NOTE – As Jonathan states in his post the OPTION(MAXDOP 1, RECOMPILEis advisable as this query can be particularly intensive.

This showed me that in the plan cache there are 18 indexes that have been used to satisfy a query against the table so that gives us another 3 indexes we can potentially get rid of.  I ran the below query to show me the index usage stats for the indexes that are not in the plan cache.

-- Set Database Context
USE master;
GO
-- Return Index usage stats for indexes that are not used in the plan cache
SELECT  'Index Usage Not In Plan Cache' AS ResultType,
            IUS.IndexName,
            IUS.UserReads,
            IUS.UserWrites
FROM    master.dbo.IndexUsageStats AS IUS
WHERE   IUS.IndexName NOT IN (
        SELECT  REPLACE(REPLACE(IndexName, '[', ''), ']', '')
        FROM    master.dbo.PlanCacheIndexes );
GO

I script the drop and create of these 3 indexes again saving the script file.  What is important to point out here is that all three of these indexes have still been used to satisfy a query since the index usage stats where last reset.  You can use the below query to find out that last time the index stats where reset;

-- Set Database Context
USE master;
GO
-- How old are the index usage stats?
SELECT  'Index Stats Age' AS ResultType,
            DATEDIFF(DAY, sd.crdate, GETDATE()) AS days_history
FROM    sys.sysdatabases sd
WHERE   sd.[name] = 'tempdb';
GO

Take a note of the percentage of reads to writes, if this is low, which I expect it will be (in my case less than 0.02%) then chances are there was a one off query maybe for a report or extract.

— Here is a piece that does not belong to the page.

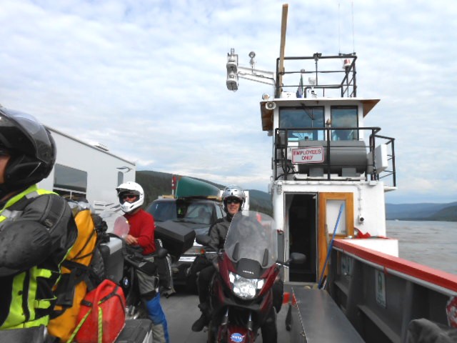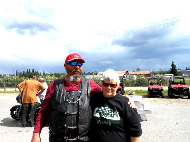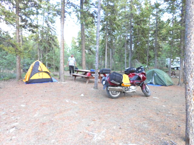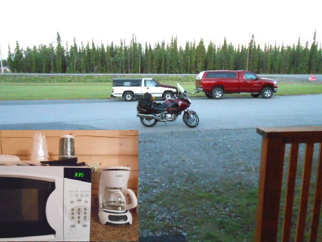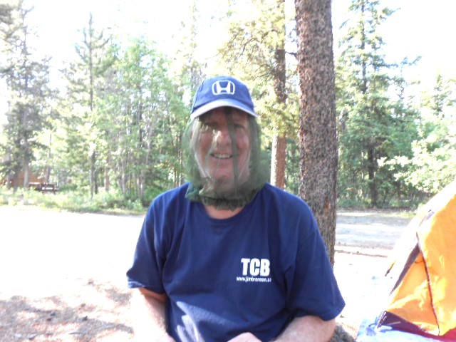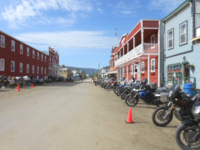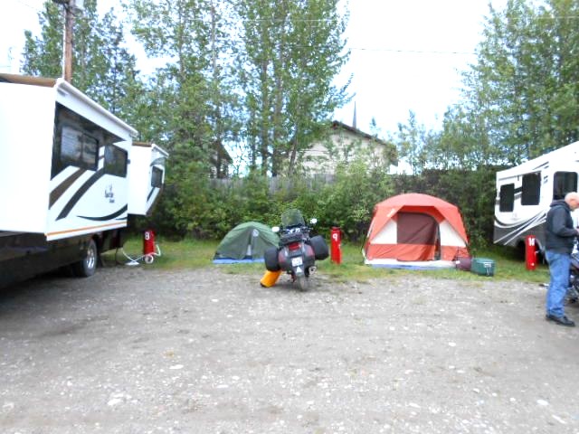 Spent the night in Tok, AK on Thursday night. Woke up at 3:30 AM and took a picture of my bike outside my cabin. Rode through the community of Chicken Alaska (no jokes please). Arrived at the Canadian border on the "Top of the World Highway" an hour and half before they were to open. Rode a ferry across the Yukon river to Dawson City, YT. to attend a motorcycle gathering called the D2D, Dust to Dawson. Over 300 riders showed up from all over on their adventure motorcycles. Camped in Dawson City and headed out this morning and came across Curt from New Hampshire on a Goldwing. We decided to ride together for the next few days as we leave Canada. Camping outside of Whitehorse tonight, with the mosquito's! |

So with this approach I identified 6 indexes, 3 that haven’t been used and 3 that have been used but do not have a query in the plan cache.  What you do next will depend on your environment, for me it meant running the drop index statements in a test environment and running a workload to prove that dropping the indexes improves the procedure and does not cause any unexpected performance issues.  Then I had to raise a change request to schedule in remove the indexes from production which I am pleased to say was approved and will be being run tonight outside of core business hours.

I am still not comfortable that the remaining 18 indexes are the best fit for our workload so have created a task for myself to review the indexes in place on this table and make improvements where possible.  I will post my results in a future post.

Enjoy!

Chris